WHAT IS BEING ASKED –
The required answer is the data below, restated word for word with images omitted.

Collection entries
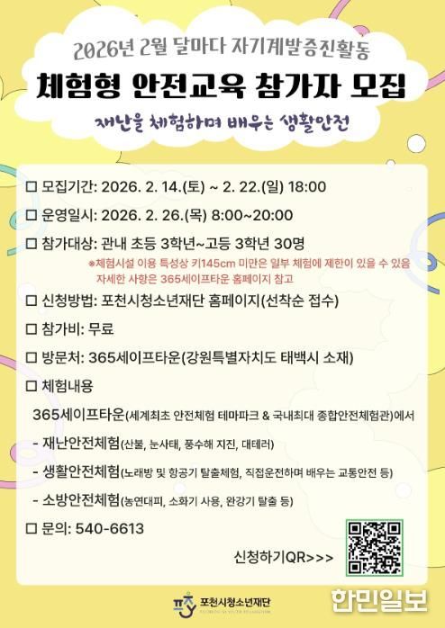 한민일보 서울포커스 심기옥 기자 | 포천시청소년재단은 오는 22일까지 체험형 안전 활동을 주제로 한 ‘달마다 자기계발 증진활동’ 2월 프로그램 참가자를 모집한다.
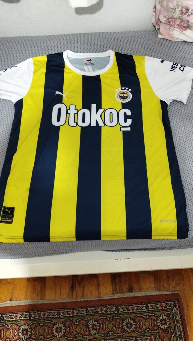 Erkekler için sarı ve lacivert dikey çizgili, kısa kollu, yuvarlak yaka ve yapışkan detaylı spor forması. 'Otokoc' baskılı, sentetik kumaştan üretilmiştir.
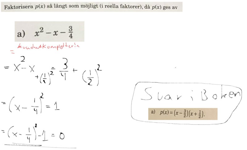 Men förstår du även varför (x-1/2)2-1 inte är en faktorisering av x2-x-3/4?
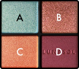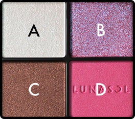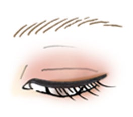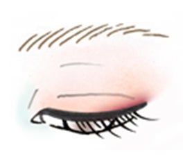 - 使用粗头,将A涂于上眼睑的中央,同时涂于下眼睑的边缘。
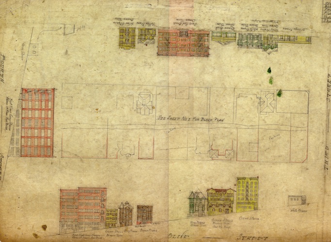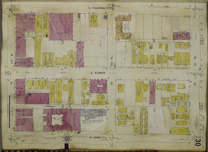 Archival sources (see images below) used to re-construct Bunker Hill included, among others: architectural drawings produced in 1939 by WPA artists and held at the Los Angeles City Archives; an architectural model on display at the Natural History Museum of Los Angeles County; Sanborn maps from the Library of Congress; historical photographs from the period accessed primarily from the Huntington Library, Los Angeles Public Library, the Getty, and USC Libraries Special Collections; and aerial photography from 1941, housed at UC Santa Barbara’s Aerial Photography Collection.
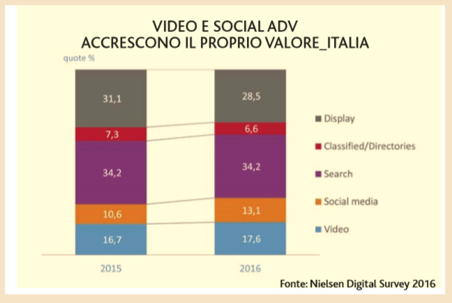 L’andamento dell’internet advertising è in costante aumento: i dati di Nielsen per il 2016 parlano di una crescita dell’8% rispetto all’anno precedente, con una quota di quasi il 28% sull’intero mercato della pubblicità in Italia. Social e video sono i principali due driver di crescita: sulla base delle nostre stime, il loro incremento 2016 è stato ‘double digit’ con una quota pari a un terzo del mercato dell’online advertising (apri la gallery, immagine 2, ndr). Search e display si spartiscono gli altri due terzi. Si stima che la crescita del digital advertising per il 2017 possa essere tra l’8 e il 10%, anche se è presto per fornire previsioni accurate.
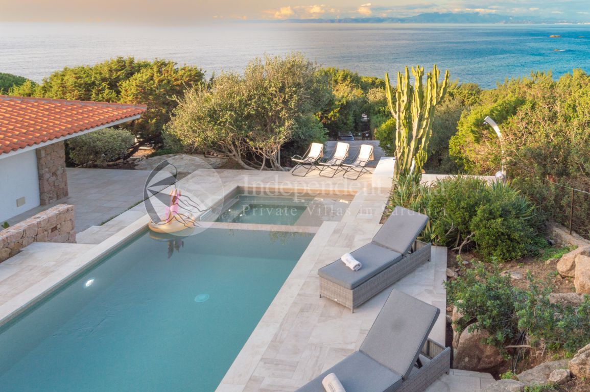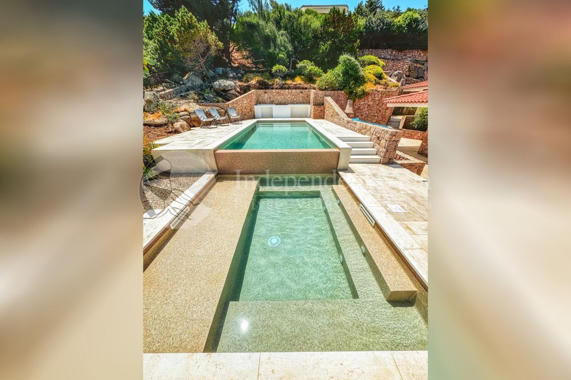 Il vero gioiello della proprietà è la piscina di nuova costruzione con splendida vista mare, affiancata da una piscina più piccola integrata, perfetta per la sicurezza e il divertimento dei bambini. Intorno, diversi spazi esterni invitano a rallentare: zone dedicate al relax, un’area attrezzata per le cene all’aperto e una terrazza arredata con comodi divanetti. Il corrimano in vetro lascia lo sguardo libero di spaziare tra il blu del mare e il verde della vegetazione, regalando panorami da vivere in ogni momento della giornata.
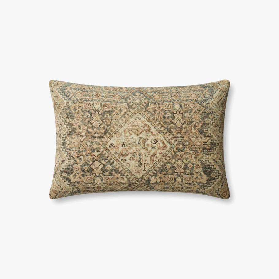 Stylish sand pillow from India, expertly machine-woven with a blend of cotton and polyester for durability and comfort. It features a hidden flap closure and an antique bronze zipper embellished with the iconic Loloi logo. The knife edge treatment adds a modern touch, while the natural canvas or duck cloth back color enhances its rustic appeal. (13 x 21 inches)
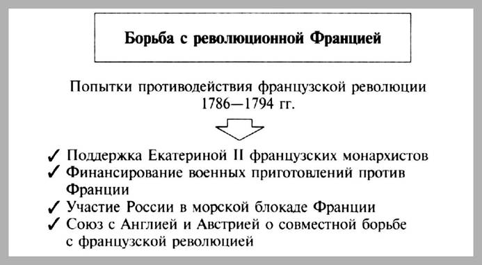 Борьба с революционной Францией. // Кириллов В.В. Отечественная история в схемах и таблицах/ В.В.Кириллов. 2-е изд., дополн. - М.: Изд-во Эксмо, 2005. - 320 с. - С. 132.
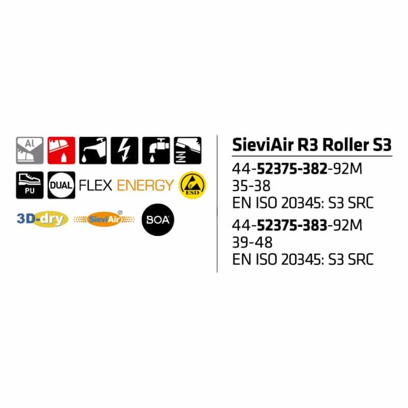Kenkä on valmistettu kestävästä ja vettä hylkivästä mikrokuidusta, ja suojaus on tehty vaativaan käyttöön: alumiininen turvakärki sekä teräksinen naulanastumissuoja tuovat luotettavaa turvaa vaihtelevissa olosuhteissa. Jalat pysyvät kuivempina ja raikkaampina 3D-dry-vuoren sekä Sievin patentoidun SieviAir®-pohjaratkaisun ansiosta. SieviAir® toimii ikään kuin suodattavana “pumppuna”: jokaisella askeleella järjestelmä ohjaa lämpimän kosteuden ulos pohjan uloshengityskanavien kautta.
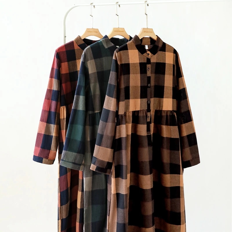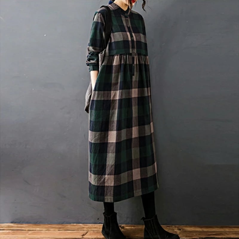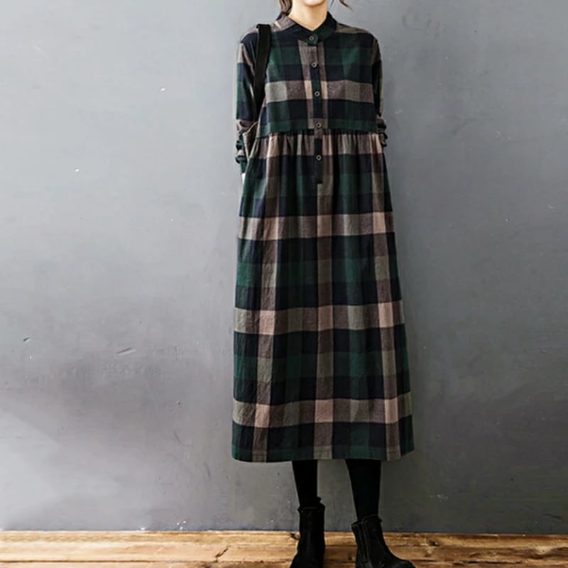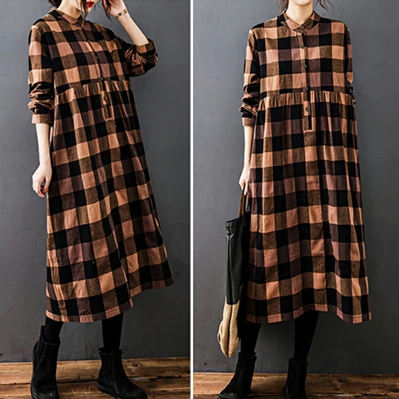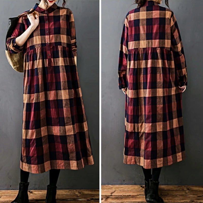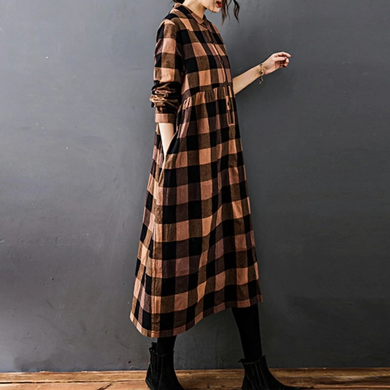 シャツワンピース チェック柄 ロングワンピース シャツ ワンピース 長袖 レディース チェック ロング丈 大きいサイズ 体型カバー ゆったり チェックワンピース
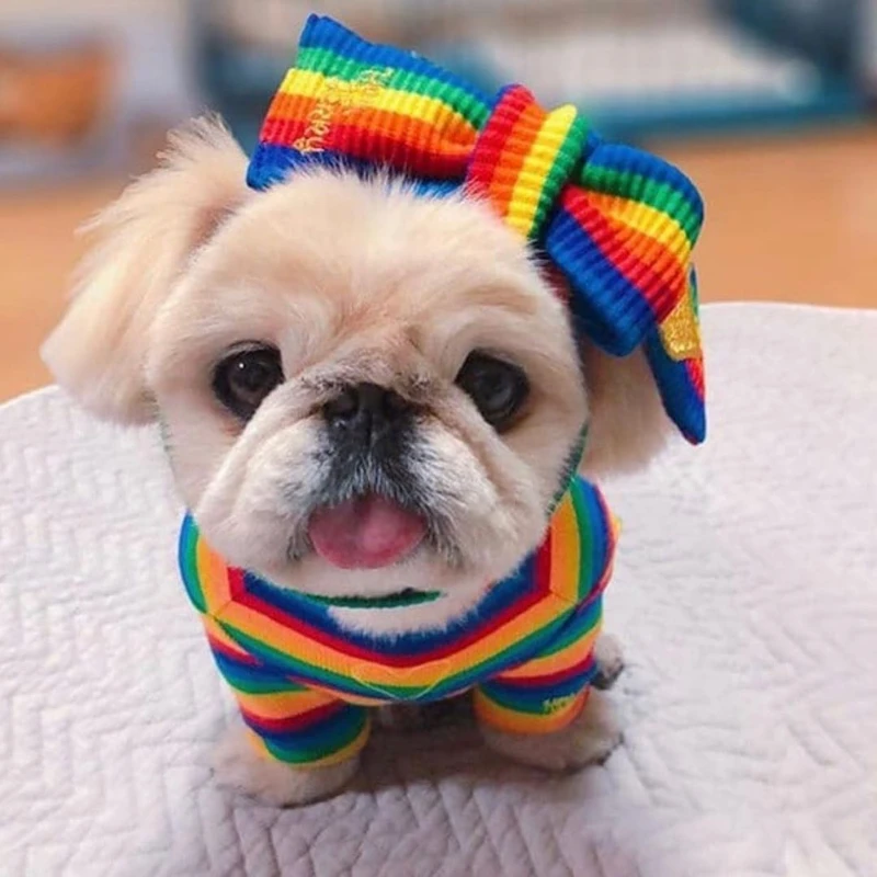 小狗穿上彩虹裝嘻哈裝看起來走在彩虹的尖端~

REPLY TO THE TASK –
 한민일보 서울포커스 심기옥 기자 | 포천시청소년재단은 오는 22일까지 체험형 안전 활동을 주제로 한 ‘달마다 자기계발 증진활동’ 2월 프로그램 참가자를 모집한다.
 Erkekler için sarı ve lacivert dikey çizgili, kısa kollu, yuvarlak yaka ve yapışkan detaylı spor forması. 'Otokoc' baskılı, sentetik kumaştan üretilmiştir.
 Men förstår du även varför (x-1/2)2-1 inte är en faktorisering av x2-x-3/4?
 - 使用粗头,将A涂于上眼睑的中央,同时涂于下眼睑的边缘。
 Archival sources (see images below) used to re-construct Bunker Hill included, among others: architectural drawings produced in 1939 by WPA artists and held at the Los Angeles City Archives; an architectural model on display at the Natural History Museum of Los Angeles County; Sanborn maps from the Library of Congress; historical photographs from the period accessed primarily from the Huntington Library, Los Angeles Public Library, the Getty, and USC Libraries Special Collections; and aerial photography from 1941, housed at UC Santa Barbara’s Aerial Photography Collection.
 L’andamento dell’internet advertising è in costante aumento: i dati di Nielsen per il 2016 parlano di una crescita dell’8% rispetto all’anno precedente, con una quota di quasi il 28% sull’intero mercato della pubblicità in Italia. Social e video sono i principali due driver di crescita: sulla base delle nostre stime, il loro incremento 2016 è stato ‘double digit’ con una quota pari a un terzo del mercato dell’online advertising (apri la gallery, immagine 2, ndr). Search e display si spartiscono gli altri due terzi. Si stima che la crescita del digital advertising per il 2017 possa essere tra l’8 e il 10%, anche se è presto per fornire previsioni accurate.
 Il vero gioiello della proprietà è la piscina di nuova costruzione con splendida vista mare, affiancata da una piscina più piccola integrata, perfetta per la sicurezza e il divertimento dei bambini. Intorno, diversi spazi esterni invitano a rallentare: zone dedicate al relax, un’area attrezzata per le cene all’aperto e una terrazza arredata con comodi divanetti. Il corrimano in vetro lascia lo sguardo libero di spaziare tra il blu del mare e il verde della vegetazione, regalando panorami da vivere in ogni momento della giornata.
 Stylish sand pillow from India, expertly machine-woven with a blend of cotton and polyester for durability and comfort. It features a hidden flap closure and an antique bronze zipper embellished with the iconic Loloi logo. The knife edge treatment adds a modern touch, while the natural canvas or duck cloth back color enhances its rustic appeal. (13 x 21 inches)
 Борьба с революционной Францией. // Кириллов В.В. Отечественная история в схемах и таблицах/ В.В.Кириллов. 2-е изд., дополн. - М.: Изд-во Эксмо, 2005. - 320 с. - С. 132.
Kenkä on valmistettu kestävästä ja vettä hylkivästä mikrokuidusta, ja suojaus on tehty vaativaan käyttöön: alumiininen turvakärki sekä teräksinen naulanastumissuoja tuovat luotettavaa turvaa vaihtelevissa olosuhteissa. Jalat pysyvät kuivempina ja raikkaampina 3D-dry-vuoren sekä Sievin patentoidun SieviAir®-pohjaratkaisun ansiosta. SieviAir® toimii ikään kuin suodattavana “pumppuna”: jokaisella askeleella järjestelmä ohjaa lämpimän kosteuden ulos pohjan uloshengityskanavien kautta.
 シャツワンピース チェック柄 ロングワンピース シャツ ワンピース 長袖 レディース チェック ロング丈 大きいサイズ 体型カバー ゆったり チェックワンピース
 小狗穿上彩虹裝嘻哈裝看起來走在彩虹的尖端~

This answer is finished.